No one has done more to transform our understanding of trees than the world-renowned scientist Suzanne Simard. Now she shares the secrets of a lifetime spent uncovering startling truths about trees: their cooperation, healing capacity, memory, wisdom and sentience.

Raised in the forests of British Columbia, where her family has lived for generations, Professor Simard did not set out to be a scientist. She was working in the forest service when she first discovered how trees communicate underground through an immense web of fungi, at the centre of which lie the Mother Trees: the mysterious, powerful entities that nurture their kin and sustain the forest.

Though her ground-breaking findings were initially dismissed and even ridiculed, they are now firmly supported by the data.

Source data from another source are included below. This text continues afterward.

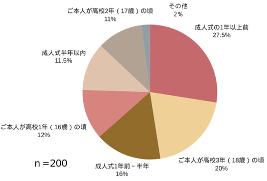 振袖の準備開始時期は「成人式の1年以上前」が27.5%で最多となり、高校3年生(18歳)での準備開始も20%と続きました。
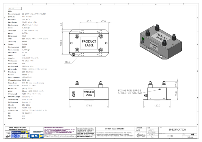 EMI Filter 36A 240VAC Screw Panel Mount
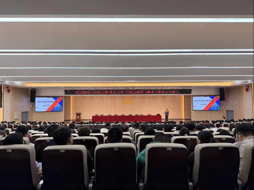 为扎实推进2026届学生专业实习工作,搭建校企协同育人平台,10月15日晚,beat365中文登录入口beat365中文登录入口院在学校一楼报告厅成功举办专业实习宣讲会。本次活动面向2022级电子信息工程、通信工程及计算机科学与技术三个专业300余名学生,特邀安徽硅砚人工智能基础资源技术有限公司与安徽宝创电子商务有限公司两家本地优质企业来校,为学子们带来专业对口的实习岗位与成长机会。

As her remarkable journey shows us, science is not a realm apart from ordinary life, but deeply connected with our humanity.

In Finding the Mother Tree, she reveals how the complex cycle of forest life – on which we rely for our existence – offers profound lessons about resilience and kinship, and must be preserved before it's too late.

Customer Reviews (1)

  • A fascinating memoir, but are its emotive metaphors justified?
    By Leon (NHBS Catalogue Editor) 25 Feb 2022 Written for Paperback


    The idea that trees communicate and exchange nutrients with each other via underground networks of fungi has captured the popular imagination, helped along by the incredibly catchy metaphor of a "wood-wide web". Suzanne Simard has developed this idea more than anyone else and happily talks of mother trees nurturing their offspring. This idea has not been without controversy in scientific circles, if only for its anthropomorphic language. I was both sceptical and curious about her ideas.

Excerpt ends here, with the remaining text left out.